# Segmentation

One of the approaches that we aimed to try was to use segmentation to detect coins from images and based on the predicted binary mask, we can localize them and use this as input to feature extraction and classification. We will experiment with classic **Unet encoder** with pretrained **ResNet backbone** (decoder).

## Imports

In [1]:
%load_ext autoreload
%autoreload 2

In [2]:
import torch
import segmentation_models_pytorch as smp
from segmentation_models_pytorch.encoders import get_preprocessing_fn
from scripts.viz import plot_images
from scripts.training import train_model
from scripts.utils import SegmentationDataset, split_data, get_prediction
import albumentations as A
from torch.utils.data import random_split, DataLoader

## Hyperparameters and Config

In [3]:
# let's specify paths to training images and masks
seg_directory = "data/train"  # TODO: update

In [4]:
# training hyperparameters
num_epochs = 10
batch_size = 4
lr = 0.005

## Data Augmentation

We first define data augmentations for more robust model, then generate datasets and dataloaders for training and validation.

In [5]:
# define data augmentation for train and validation
train_tf = A.Compose([
    A.Resize(width=600, height=400, always_apply=True),
    A.HorizontalFlip(p=0.5),
    A.RandomBrightnessContrast(p=0.4),
    A.RandomGamma(gamma_limit=(80, 120), p=0.4),
    A.HueSaturationValue(hue_shift_limit=10, sat_shift_limit=20, val_shift_limit=10, p=0.4)
])

valid_tf = A.Compose([A.Resize(height=600, width=400, always_apply=True)])
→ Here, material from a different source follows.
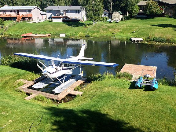 ATTN float plane pilots...you and your plane can live together! This custom waterfront home backs to Sand Lake Canal & includes a private float plane dock & slip! Fly-in waterfront property in Anchorage is a rare find in this price range!768sf garage w/drive thru bay to canal, RV pkg, landscaped lawn & cedar deck. Inside is just as sweet-beautiful layout, modern colors, custom trim & water views.
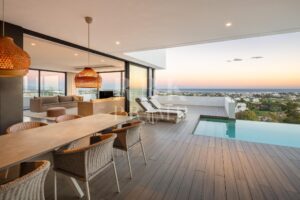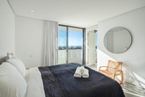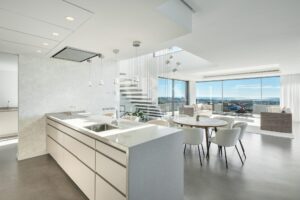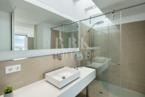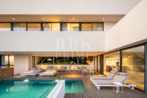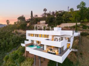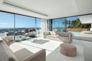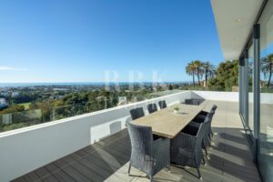 Moderne Villa zum Verkauf in einer bewachten Wohnanlage in Benahavís, Málaga. Auf einem 1.047 m² großen Grundstück in erhöhter Lage bietet die Immobilie von allen Ebenen aus Panoramablick auf das Meer, einschließlich der Küste von Gibraltar und Nordafrika. Mit einer bebauten Fläche von 380 m² erstreckt sich die Villa über zwei Etagen, verbunden durch einen Aufzug, und verfügt über 4 Suiten und eine Gästetoilette. Der Innenbereich überzeugt mit offenem Grundriss, der Wohn-, Ess- und Küchenbereich verbindet. Die Küche ist mit modernen Geräten ausgestattet und bietet viel Stauraum. Große Schiebefenster lassen Tageslicht herein und führen direkt auf die Terrasse. Zur Ausstattung gehören ein Unterhaltungsraum mit Heimkino und zwei private Parkplätze. Im Außenbereich gibt es eine Terrasse mit Pool, Ruhebereich und Essplatz im Freien – ideal, um das Klima der Costa del Sol zu nutzen. Die Villa liegt in einer Anlage mit 24-Stunden-Sicherheitsdienst und bietet guten Zugang zu Golfplätzen, Puerto Banús, San Pedro und Marbella – eine attraktive Gelegenheit in bester Lage.

# get bacbbone specific transformations
preprocess_input = get_preprocessing_fn('resnet50', pretrained='imagenet')

In [7]:
# split the image paths into train and validation
image_path_train, image_path_val, mask_path_train, mask_path_val \
    = split_data(seg_directory, 0.2)

# get train and val dataset instances
train_ds = SegmentationDataset(
    image_paths=image_path_train,
    mask_paths=mask_path_train,
    transform=train_tf,
    preprocess=preprocess_input
)

val_ds = SegmentationDataset(
    image_paths=image_path_val,
    mask_paths=mask_path_val,
    transform=valid_tf,
    preprocess=preprocess_input
)

In [None]:
# create dataloaders
train_loader = DataLoader(train_ds, batch_size)
val_loader = DataLoader(val_ds, batch_size)

## Modelling

We use `Segmentation Models Pytorch` for model generation, then we define training arguments and train the model

In [None]:
model = smp.Unet(
    encoder_name="resnet50",
    encoder_weights="imagenet",
    in_channels=3,
    classes=1,
)

# freeze encoder weights
model.encoder.training = False

In [8]:
trainable_params = [param for param in model.parameters() if param.requires_grad == True]
optimizer = torch.optim.Adam(trainable_params, lr=lr)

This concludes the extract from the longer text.